Future Trends and Potential Solutions
The trend of companies staying private for longer exacerbates this issue. Private markets, while growing, are insufficient to offset the decline in public capital. This means fewer opportunities for retail investors to participate in the growth of Canadian companies and a further concentration of wealth.
So, what can be done? Several targeted actions could reverse this trend:
Unwinding Incumbent Advantages
Policy makers must confront the outsized influence of the Big Six and dismantle industrial policies that favour incumbents. This includes revisiting banking regulations to remove size-based advantages and fostering a more competitive landscape.
Incentivizing De-consolidation
Tax-free spinoffs of subsidiary shares could encourage the de-consolidation of the financial sector, creating new, independent entities. Equity tax credits, modeled after the UK’s successful Enterprise Investment Scheme, could catalyze regional investment and support the formation of innovative companies.

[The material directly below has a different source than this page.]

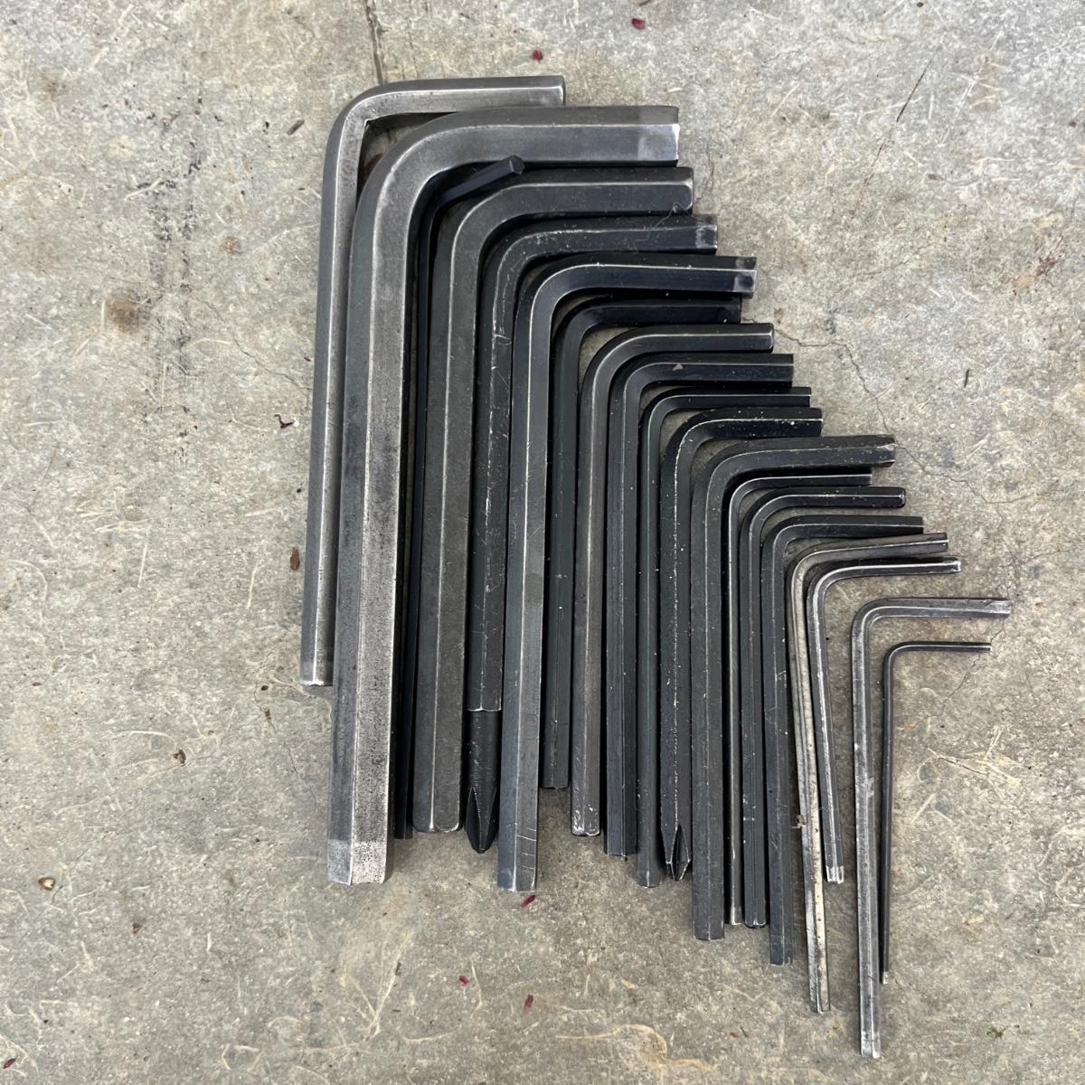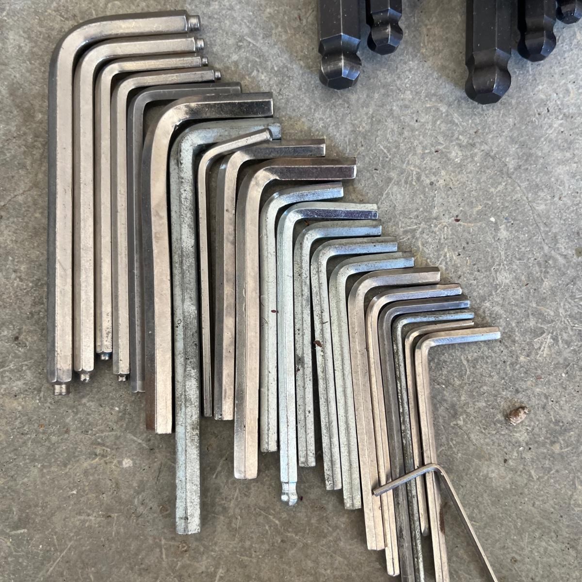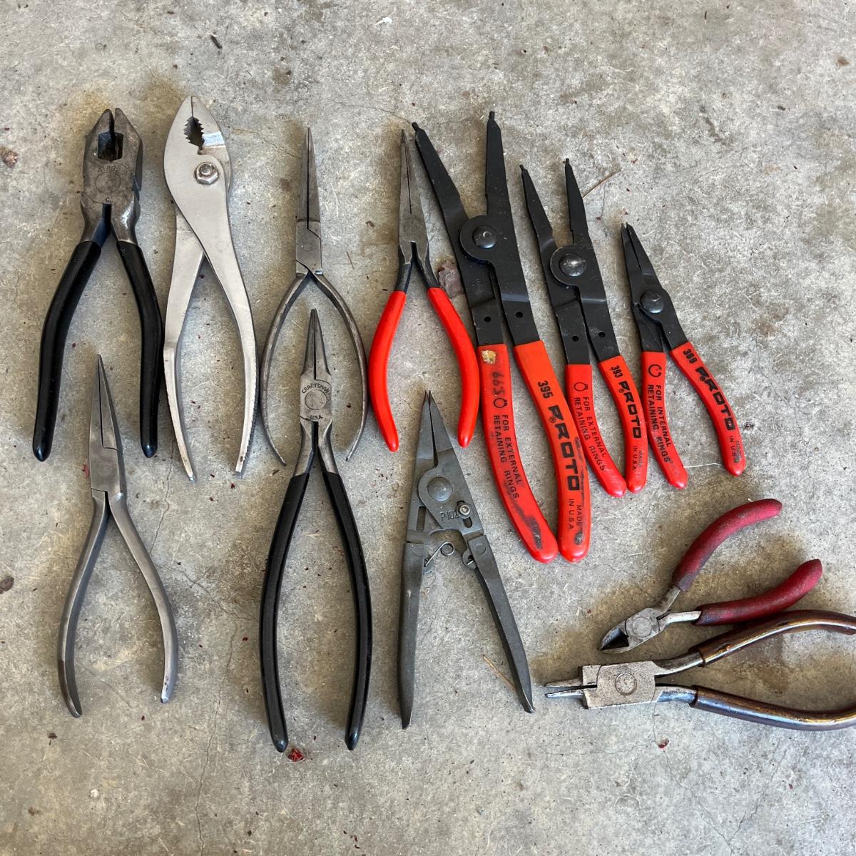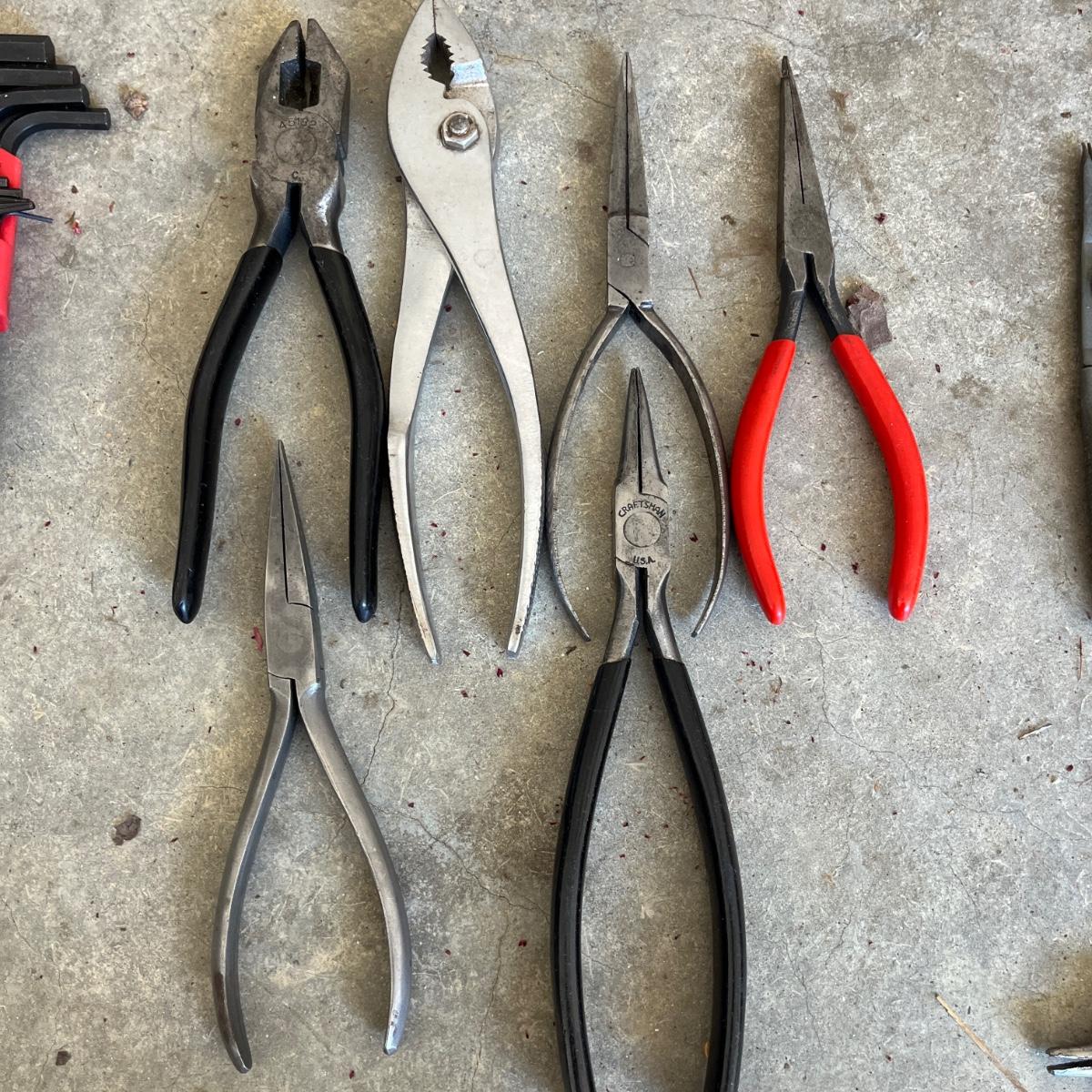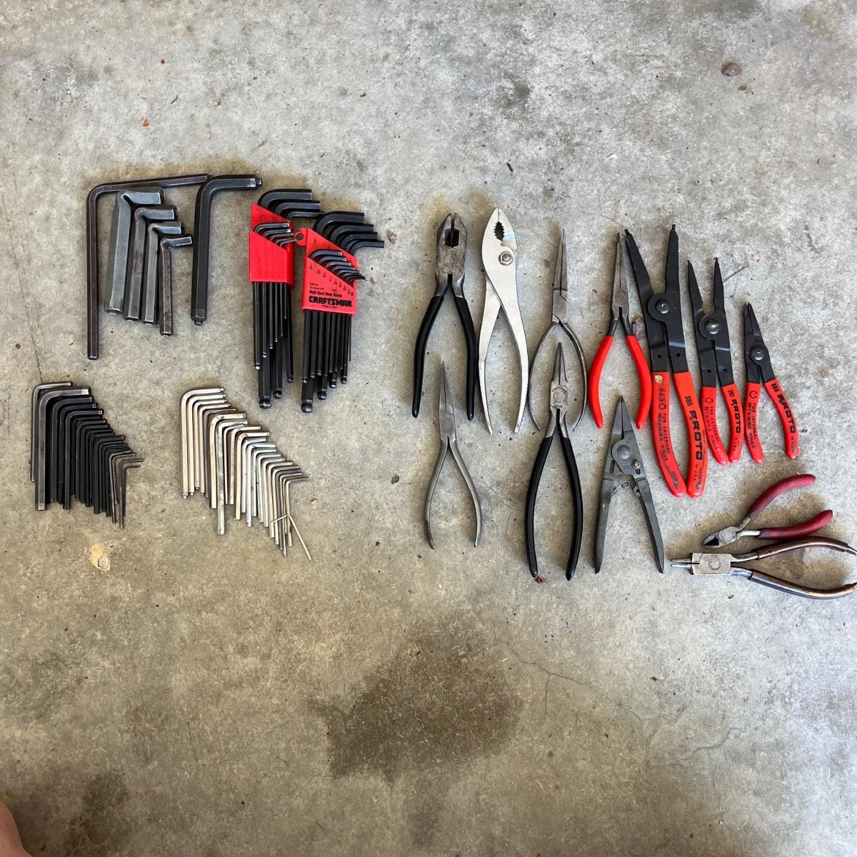 Lot includes Craftsman and unmarked hex keys, Proto inner and outer ring pliers, needle nose pliers and more pliers. Longest pliers measure 9”long.

Unlocking Capital for Intangible Assets
Flow-through shares, championed by figures like Mark Carney, could unlock fresh capital streams for the intangible sector, incentivizing investment in intellectual property and technology.
Did you know? The UK’s Enterprise Investment Scheme has been credited with fostering a thriving ecosystem of early-stage investment and driving significant economic growth.
Promoting Regional Investment
Targeted incentives and regulatory changes can encourage investment in underserved regions, fostering a more geographically diverse innovation ecosystem.
The Stakes are High: A Crossroads for Canada’s Economy
Canada’s economy isn’t destined to decline, but it is at a crossroads. The current trajectory – a shrinking public market, a lack of investment in intangible assets, and a dominance of a few large institutions – is unsustainable. Rebalancing our financial system requires bold and creative solutions. It’s not about undermining the strengths of our banks, but about ensuring that entrepreneurs, investors, and innovators across the country have access to the capital they need to thrive.
Frequently Asked Questions
Q: What is the role of venture capital in addressing this issue?
A: Venture capital is crucial, but it’s not a complete solution. While VC funding can support early-stage companies, the lack of robust public markets limits opportunities for growth and liquidity.
Q: Are there any international examples of successful capital market reforms?
A: The UK’s Enterprise Investment Scheme and regulatory reforms in Australia offer valuable lessons for Canada. These initiatives demonstrate the power of targeted incentives and a commitment to fostering competition.
Q: What can individual investors do to support Canadian innovation?
A: Advocate for policy changes that promote competition and investment in Canadian companies. Consider investing in Canadian ETFs that focus on innovation and technology, and support crowdfunding campaigns for promising startups.
Q: How long will it take to see meaningful change?
A: Meaningful change will require sustained effort and a long-term commitment from policymakers. However, implementing targeted incentives and regulatory reforms can begin to yield positive results within a few years.